Он не может ответить. Они никогда не отвечают, эти «мудрые» парни.
Рабби Дэвидсон, живущий вверх по улице, по другую сторону моста, претендует на то, что лучше разбирается в религии и в мире, чем я. Он никогда не знал искушений и ужасов диких стран, роскошных удовольствий и запретных пыток Востока. А я знаю Восток. Я лично изведал все тайны мира, породившего наш общий Завет. Если я и не понимаю ничего другого, то религию я понимаю хорошо. Дэвидсон знает, что я уважаю его положение и его веру, но я всегда побеждаю его, подыскивая примеры из Талмуда или из апокрифов. Он говорит мне: «Полагаю, вы живете на свете с самого начала времен, полковник Пятницкий».

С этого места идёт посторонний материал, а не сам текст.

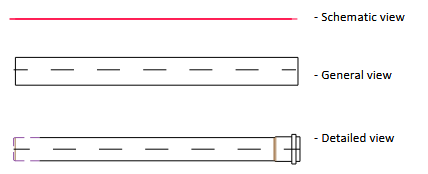 In the CADprofi program it is possible to draw pipes in schematic, general or detailed views.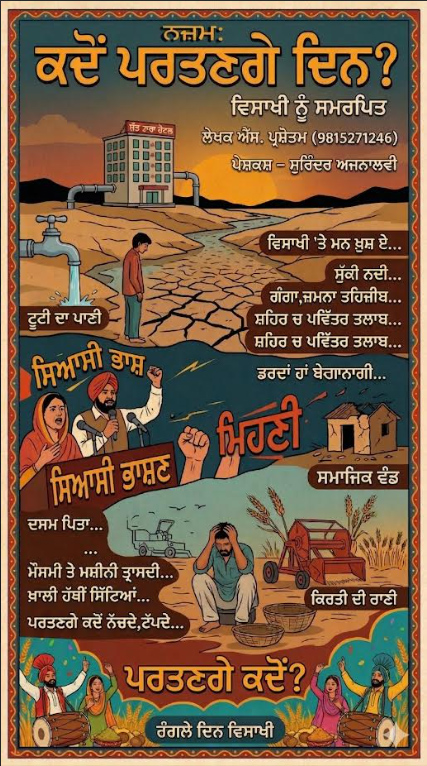 धालीवाल ने माजा विरासत ट्रस्ट के प्रधान और शायर एस. प्रशोतम द्वारा रचित और जारी की गई नज़्म ‘कदों परतणगे दिन?’ तथा रंगीन पोस्टर का विशेष उल्लेख करते हुए कहा कि इस नज़्म में प्रदूषित वैश्वीकरण के कारण मरती और सूखती झीलों, तालाबों, नदियों और नालों की पुनर्स्थापना के बजाय उनके अस्तित्व को समाप्त करने के लिए सूखी झीलों और नदी क्षेत्रों में बनाए जा रहे रंगीन मिज़ाज होटलों और रेस्टोरेंटों, राजनीतिक लालच के कारण भारतीय संस्कृति में उभर रही सांप्रदायिकता तथा बैसाखी के अवसर पर लगने वाले राजनीतिक मंचों से दशमेश पिता गुरु गोबिंद सिंह द्वारा सामाजिक विभाजन के अंत और भाईचारे की पुनर्स्थापना के लिए उठाई गई आवाज़ को बुलंद करने के बजाय राजनीतिक दलों द्वारा एक-दूसरे पर राजनीतिक प्रहार करने जैसी प्रवृत्तियों को अत्यंत काव्यात्मक और शायराना स्पर्श दिया गया है।

— Нет, — отвечаю ему я. — Я родился тогда, когда родился Христос.
Он распознает символы и словесные игры, но только на довольно примитивном уровне тех англичан, которые дали миру Браунинга и затем отказались понять его. Он известен сегодня благодаря своим мимолетным причудам, огнестрельному оружию, что носит его имя, и некоторым стихам, написанным для детей и старых друзей[334]. И, конечно, благодаря его давней вражде с Джоном Гилгудом, звездой кинематографа, — об этом недавно передавали по телевидению. Когда я спросил миссис Корнелиус, почему она плачет, она ответила, что ей жаль собаку. Я только что вышел из туалета и не понял ее. «Флаш, — сказала она. — Флаш!»[335]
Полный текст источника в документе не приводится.